*** Block opens ***

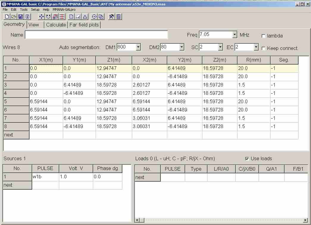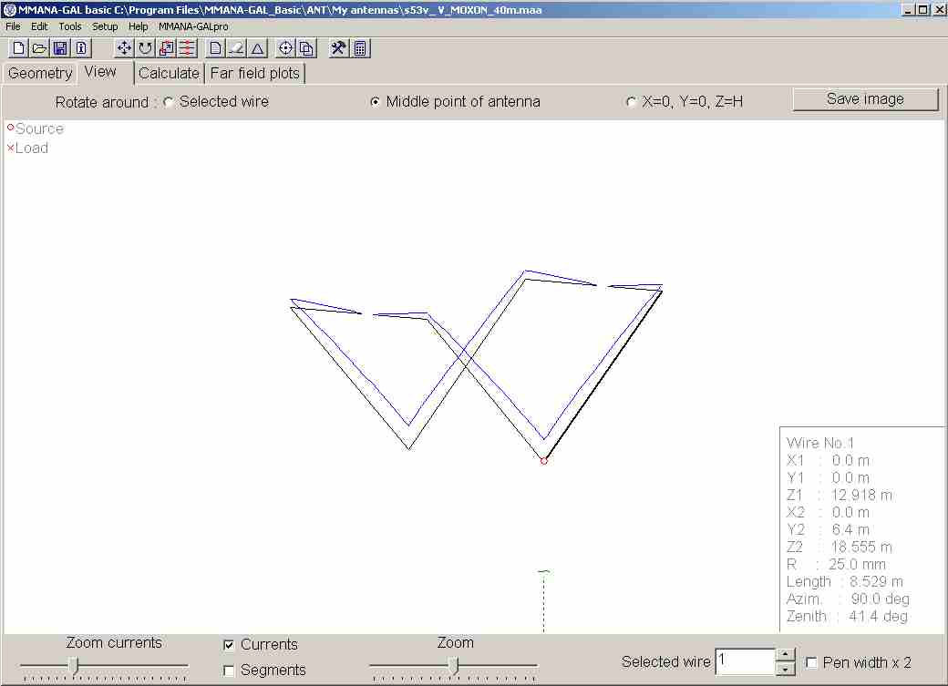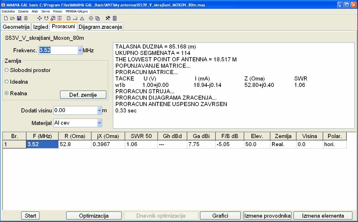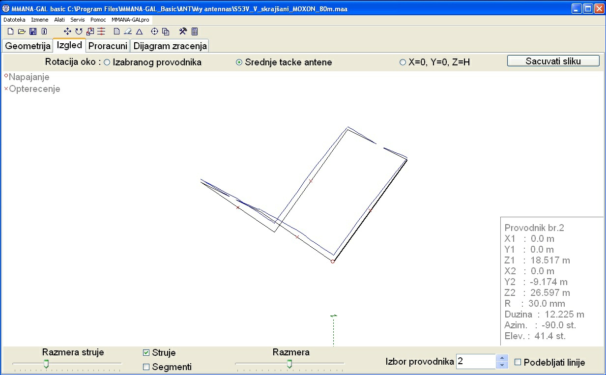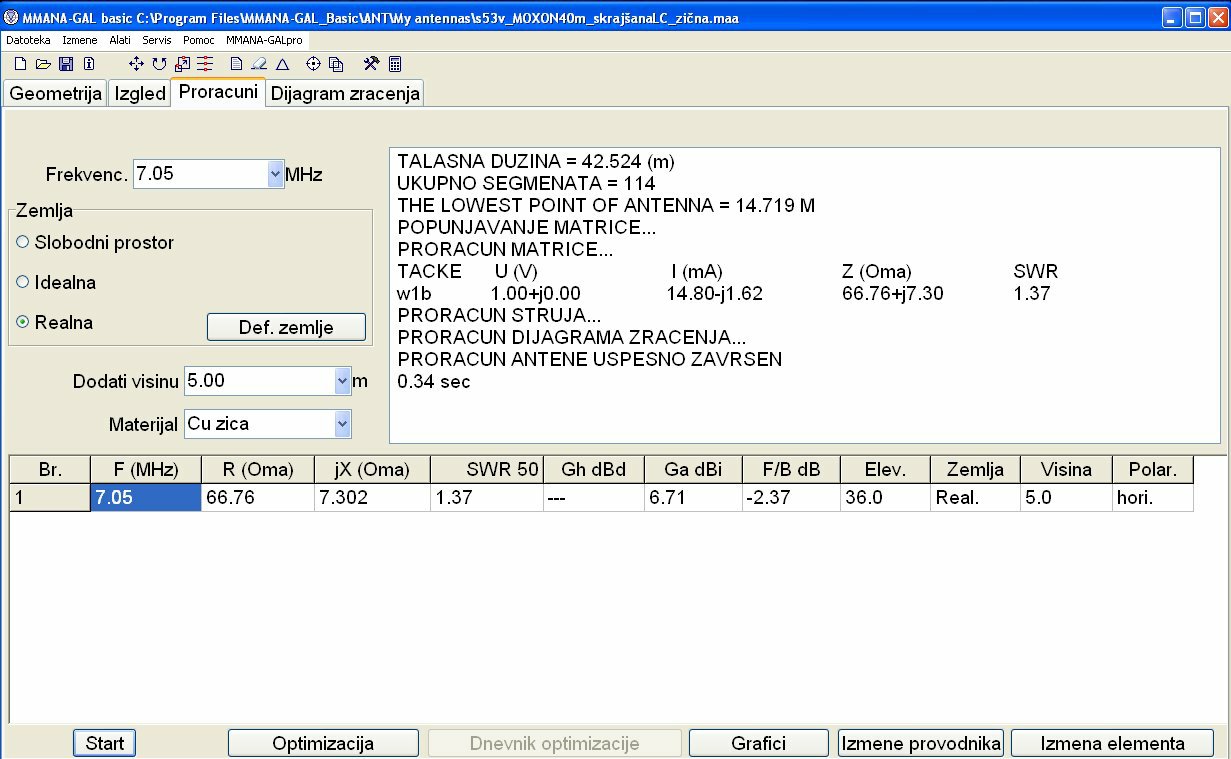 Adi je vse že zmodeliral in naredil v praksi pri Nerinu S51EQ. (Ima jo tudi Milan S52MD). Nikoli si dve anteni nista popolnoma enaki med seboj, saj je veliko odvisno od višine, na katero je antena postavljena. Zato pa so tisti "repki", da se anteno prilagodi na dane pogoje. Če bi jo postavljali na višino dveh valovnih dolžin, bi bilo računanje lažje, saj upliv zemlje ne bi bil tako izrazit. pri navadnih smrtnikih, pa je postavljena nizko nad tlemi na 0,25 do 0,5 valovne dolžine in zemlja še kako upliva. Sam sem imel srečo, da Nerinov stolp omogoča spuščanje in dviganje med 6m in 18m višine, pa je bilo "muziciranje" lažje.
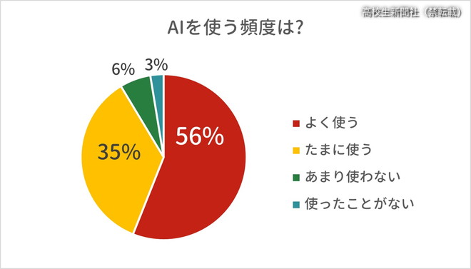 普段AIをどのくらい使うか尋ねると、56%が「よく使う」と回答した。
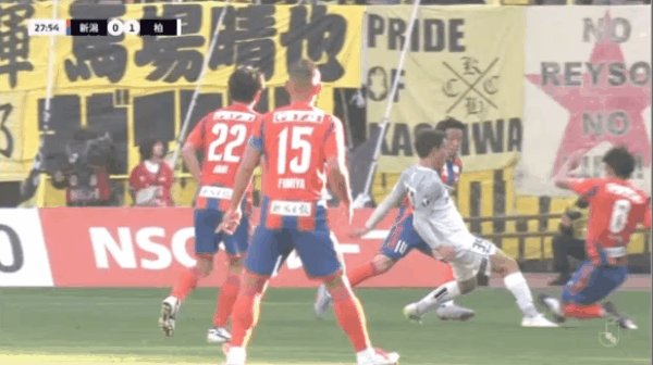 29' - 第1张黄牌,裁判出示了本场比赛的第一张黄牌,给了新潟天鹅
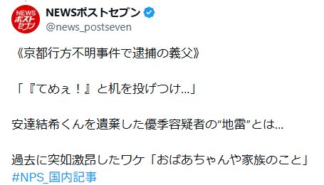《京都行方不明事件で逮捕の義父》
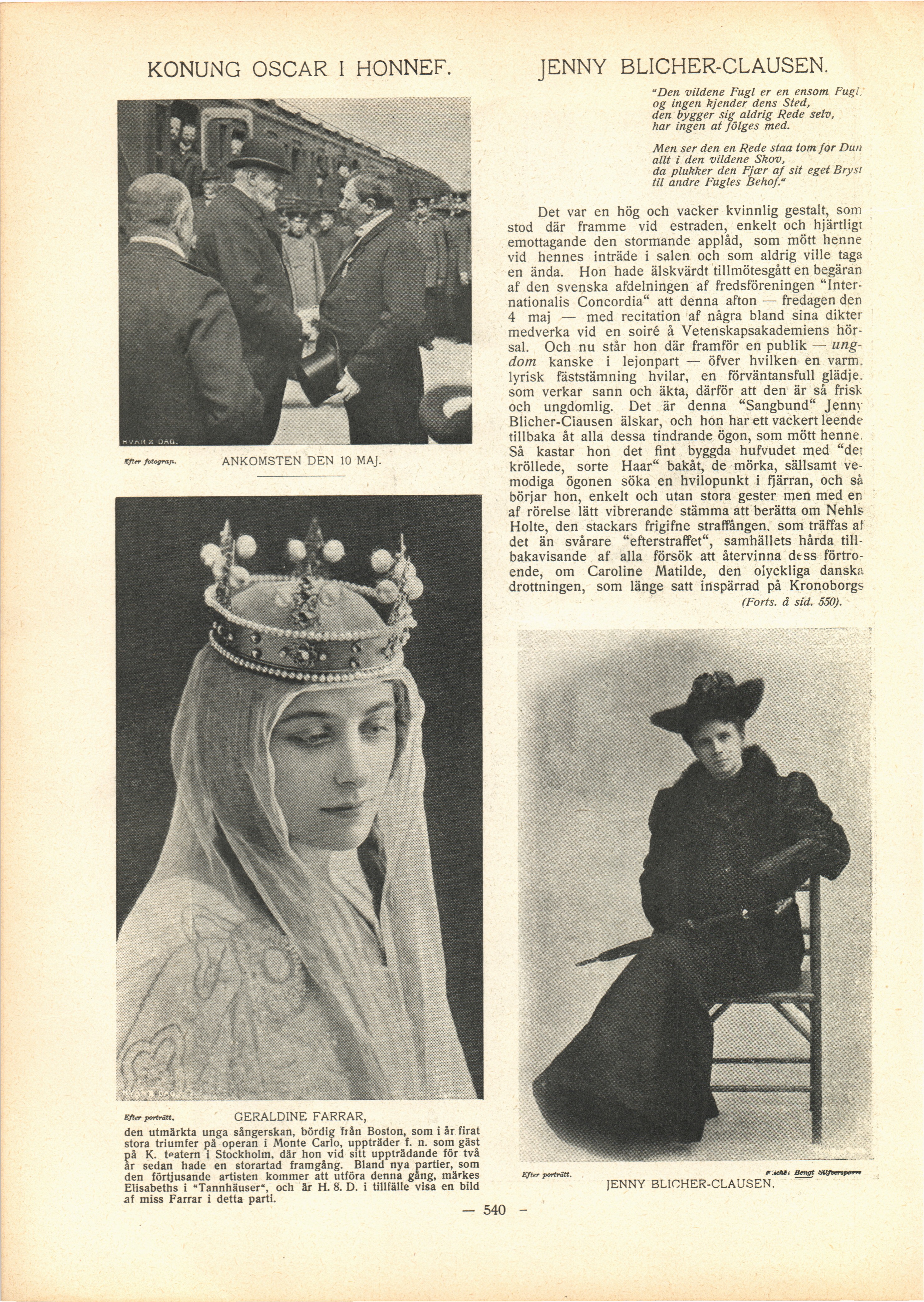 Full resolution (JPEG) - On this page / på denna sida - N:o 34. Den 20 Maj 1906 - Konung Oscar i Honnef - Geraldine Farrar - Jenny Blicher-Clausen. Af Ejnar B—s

*** Block closes ***
*** Block opens ***

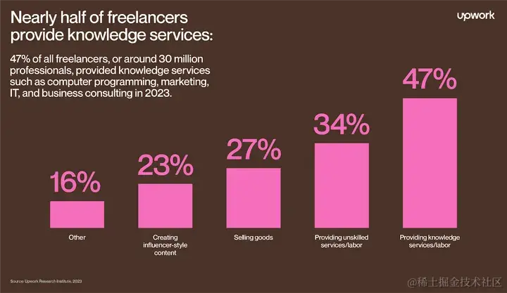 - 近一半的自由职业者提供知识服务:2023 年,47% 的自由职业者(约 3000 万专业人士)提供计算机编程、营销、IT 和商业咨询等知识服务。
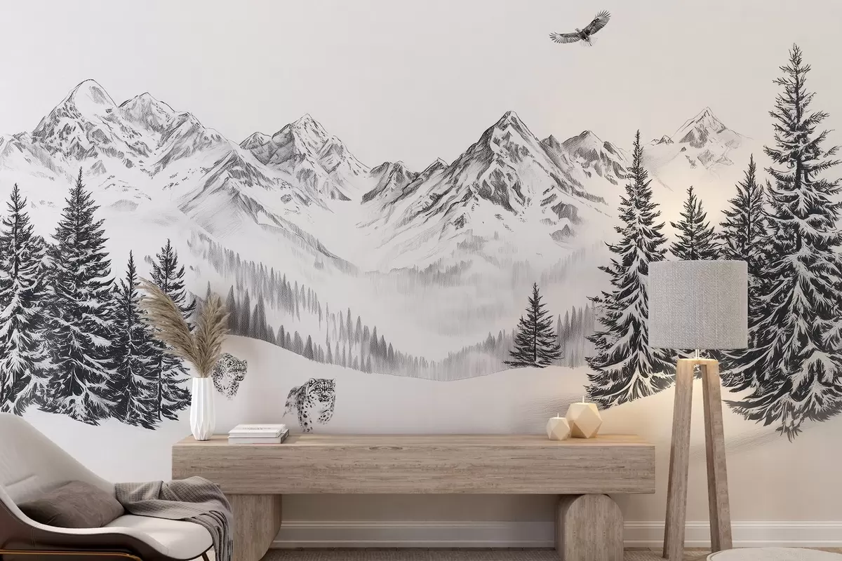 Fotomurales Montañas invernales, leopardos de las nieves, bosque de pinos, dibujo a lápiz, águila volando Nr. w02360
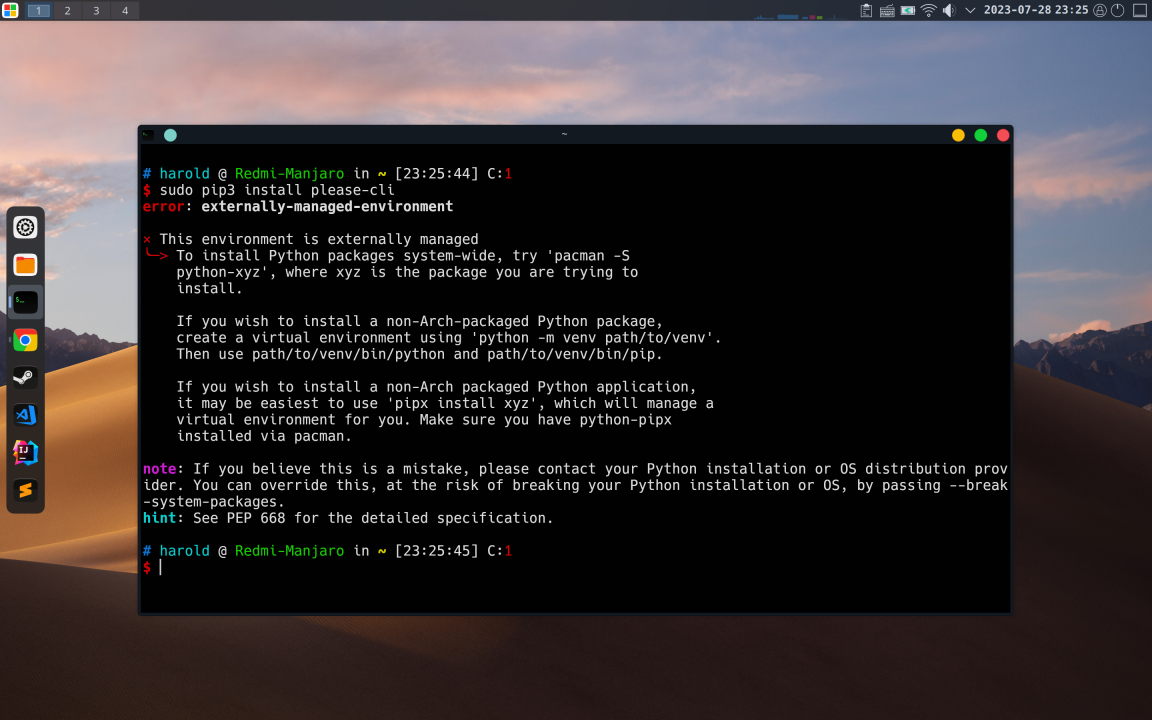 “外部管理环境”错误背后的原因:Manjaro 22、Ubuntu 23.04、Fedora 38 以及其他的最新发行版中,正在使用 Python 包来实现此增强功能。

*** Block closes ***
*** Block opens ***

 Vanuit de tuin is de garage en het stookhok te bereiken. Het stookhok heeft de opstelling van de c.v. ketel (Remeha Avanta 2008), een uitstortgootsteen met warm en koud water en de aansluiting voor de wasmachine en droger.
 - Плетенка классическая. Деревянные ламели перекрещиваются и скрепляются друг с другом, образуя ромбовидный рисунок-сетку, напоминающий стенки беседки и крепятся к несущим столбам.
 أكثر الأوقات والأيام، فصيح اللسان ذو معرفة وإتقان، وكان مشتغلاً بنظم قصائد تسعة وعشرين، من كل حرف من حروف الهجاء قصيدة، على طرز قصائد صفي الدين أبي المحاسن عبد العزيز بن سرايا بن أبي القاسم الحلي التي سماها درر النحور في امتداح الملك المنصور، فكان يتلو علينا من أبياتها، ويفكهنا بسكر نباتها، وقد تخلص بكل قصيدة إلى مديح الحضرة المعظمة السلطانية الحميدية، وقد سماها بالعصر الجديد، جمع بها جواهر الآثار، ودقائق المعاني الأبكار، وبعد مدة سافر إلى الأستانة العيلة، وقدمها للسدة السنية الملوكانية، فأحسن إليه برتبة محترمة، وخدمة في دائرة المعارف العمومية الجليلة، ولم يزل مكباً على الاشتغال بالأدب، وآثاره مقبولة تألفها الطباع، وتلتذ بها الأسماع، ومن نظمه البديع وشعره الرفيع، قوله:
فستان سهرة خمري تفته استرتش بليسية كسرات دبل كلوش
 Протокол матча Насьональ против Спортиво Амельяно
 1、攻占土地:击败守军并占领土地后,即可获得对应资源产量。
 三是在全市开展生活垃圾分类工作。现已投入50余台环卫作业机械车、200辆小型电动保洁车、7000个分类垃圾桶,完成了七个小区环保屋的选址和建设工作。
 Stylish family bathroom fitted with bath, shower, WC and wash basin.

*** Block closes ***

● Your goal: Copy only this part of the entries above: the line with "三是在全市开展生活垃圾分类工", the line with "Stylish family bathroom", and the lines between, all exactly as written.

● Solution:
 三是在全市开展生活垃圾分类工作。现已投入50余台环卫作业机械车、200辆小型电动保洁车、7000个分类垃圾桶,完成了七个小区环保屋的选址和建设工作。
 Stylish family bathroom fitted with bath, shower, WC and wash basin.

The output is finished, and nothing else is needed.